Carlos shows me the GPS. Where he taps, it suggests that the seafloor has plunged thousands of meters, our little craft suspended above the earth by a few kilometers. Just as suddenly, we are passing over a mount a mere 125 meters below the surface. There are whole worlds down there, beneath the sparkle, in that darkness. The thought overwhelms me as the sea swells and sags, a rise and fall of breath. A great heaving. A stirring as if wakening. The penguin stirs, too—perhaps feeling all that bigness so near.

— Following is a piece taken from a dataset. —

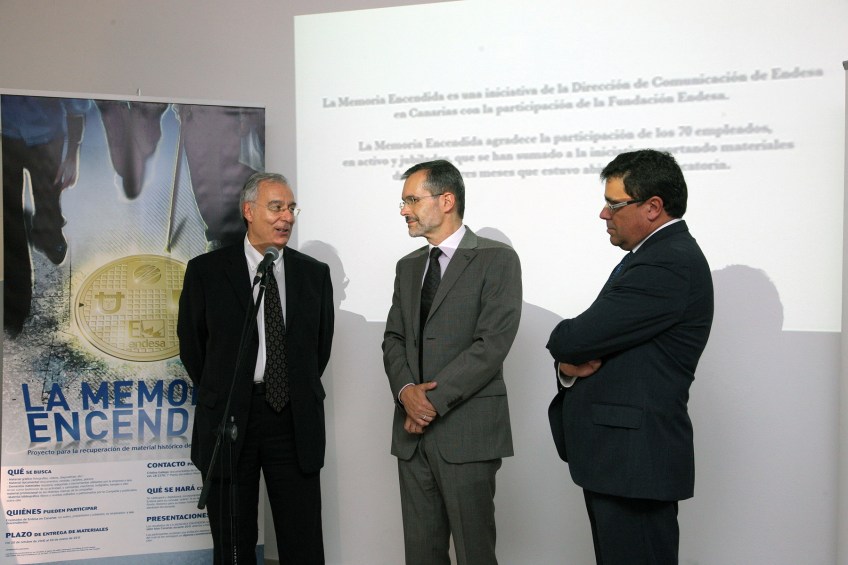 Momento para las palabras de inauguración de la muestra, pronunciadas por parte de Endesa por Ramón Rodríguez (d), director de Generación. El acto fue presidido por el alcalde, Marcial Morales (c). Lo cerró Manuel Miranda, consejero del ramo del Cabildo de Fuerteventura. / ACFIPRESS

The veterinarian, Andy, gently tilts the carrier down, releases the door. The penguin climbs out, looking improbable and wild on the white fiberglass. He appears almost casual. His claws click on the hard surface as he strolls around the men’s feet. He walks to the doorway and pauses there, peering into the galley, taking measure of the upholstery and snacks and Chilean wine, getting an eyeful of our place the same way we gawp at his. Seeing the sights, maybe. He saunters back out, making for the gunwale. Andy steps out of his shoes and pads after the penguin barefoot. The penguin, sensing pursuit, leans into his waddle, accelerates. Andy scoops him up under the armpits, stretches him out over the water, opens his hands. We watch the penguin as he arrows around the boat through the clear water. The men exclaim when he appears in this wave, and then that one on the other side.
And then he is gone, soaring somewhere beneath our unsteady feet.